- Leader: S.C.C. Anthony Pillai
- Founded: April 1959
- Dissolved: 8 April 1962
- Split from: Socialist Party
- Merged into: Tamil National Party
- Ideology: Socialism
- Seats in the Lok Sabha: 1 / 496

= Tamilnad Socialist Labour Party =

The Tamilnad Socialist Labour Party was a political party in Madras State of India, active between 1959 and 1962. The party was led by S.C.C. Anthony Pillai, a prominent labour leader and member of the Second Lok Sabha (the lower house of the Parliament of India). The party contested the 1962 elections unsuccessfully, and would soon thereafter merge into the Tamil National Party.

==Split in the Socialist Party==
The party emerged from a split in the Socialist Party of Dr.

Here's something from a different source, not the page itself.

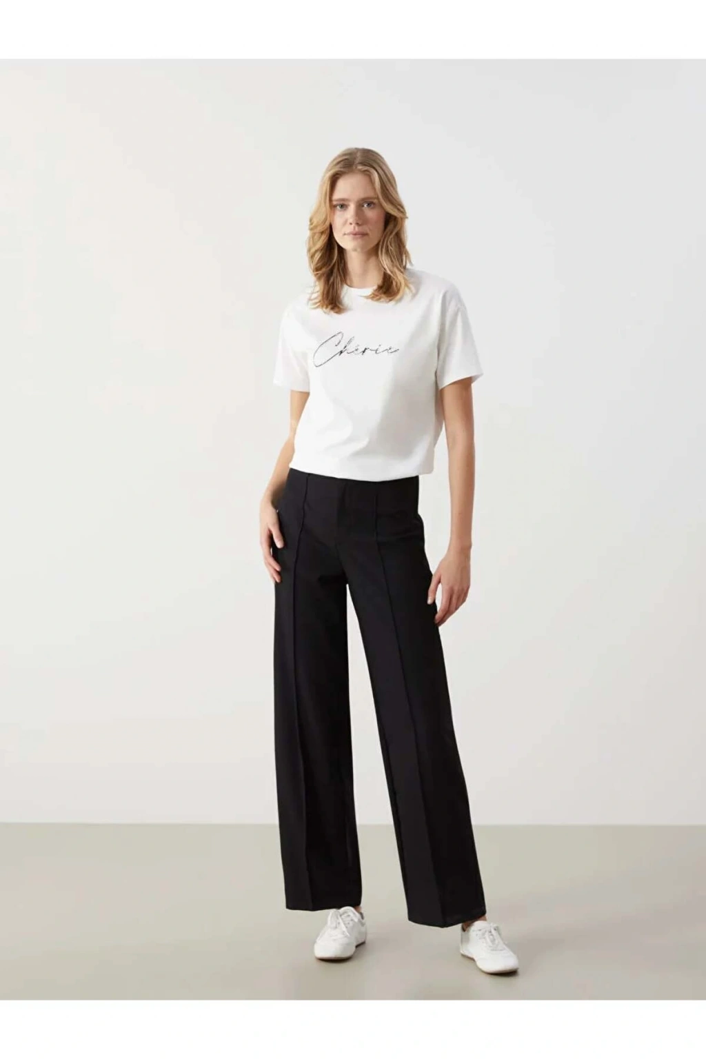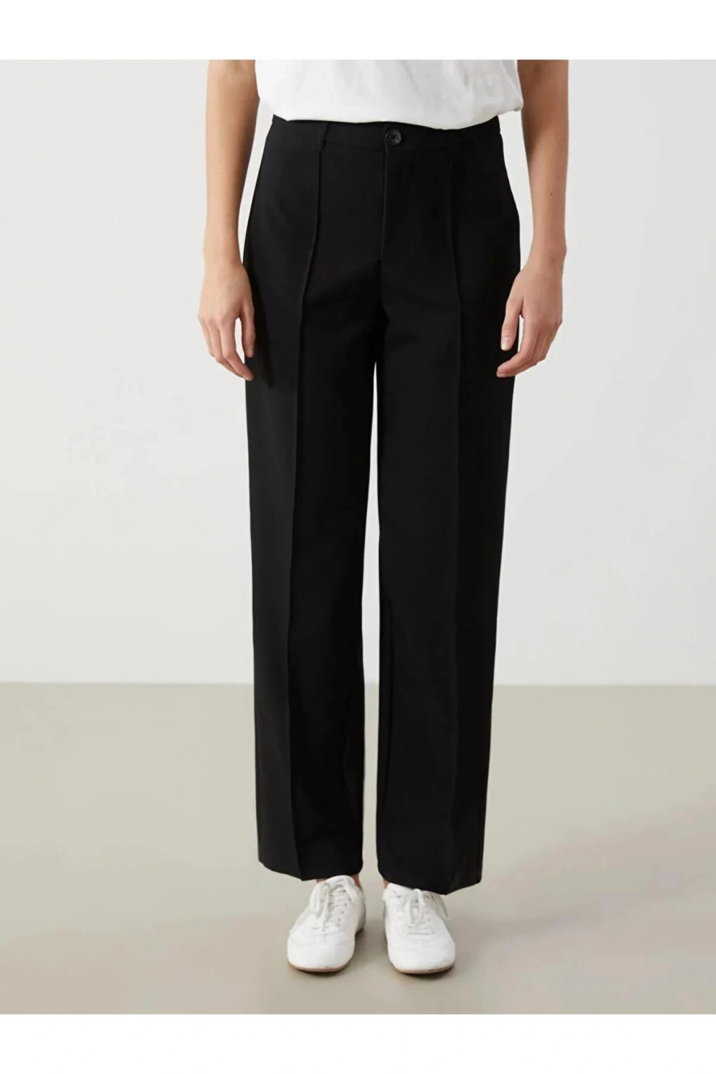 Dar kalıp düz pantolon, şık, modern ve dikkat çekici bir görünüm için ön kısmı dikiş detaylı olarak tasarlanmıştır.; Vücuda tam oturan kesimi ile zarif bir siluet oluşturur.

Ram Manohar Lohia. S.C.C. Anthony Pillai (who was one of the Socialist Party candidates elected to the Lok Sabha in the 1957 Indian general election) and his grouping in Madras State broke away from the Socialist Party in early 1959, arguing that the Socialist Party under Lohia was characterized by 'dictatorial tendencies'. The S.C.C. Anthony Pillai group formed the Tamilnad Socialist Labour Party in April 1959. Among the leaders that sided with the Tamilnad Socialist Labour Party was S. Pakkirisamy Pillai, general secretary of the Madras Port Trust Employees Union and member of the Madras State Legislative Assembly representing the Perambur constituency. The party published the journal Manithakulam ('Mankind').

==1962 elections==
The party contested the 1962 Lok Sabha election and the 1962 Madras State Legislative Assembly election. It fielded one candidate in the Lok Sabha election, S.C.C. Anthony Pillai contesting the Madras North Lok Sabha constituency. He finished in third place with 80,227 votes (24.74% of the votes in the constituency). The party fielded seven candidates in for the legislative assembly,

| Constituency | Candidate | Votes | % | Rank |
|---|---|---|---|---|
| Purasawalkam | S. Pakkirisamy Pillai | 18,713 | 28.64% | 2nd |
| Madavaram | Balaram | 3,364 | 5.29% | 3rd |
| Saidapet | N.S. Naidu | 2,888 | 4.52% | 3rd |
| Uthiramerur | T.G. Sundaramoorthy | 1421 | 2.26% | 4th |
| Bodinayakkanur | R.K. Rajan | 12,668 | 19.54% | 3rd |
| Sholavandan | K. Subbiah alias Alagumalai | 770 | 1.38% | 6th |
| Saliamangalam | Murugesan | 3,362 | 5.29% | 4th |

All in all the party obtained 43,186 votes in the legislative assembly election, getting 9.81% of the votes in the constituencies contested.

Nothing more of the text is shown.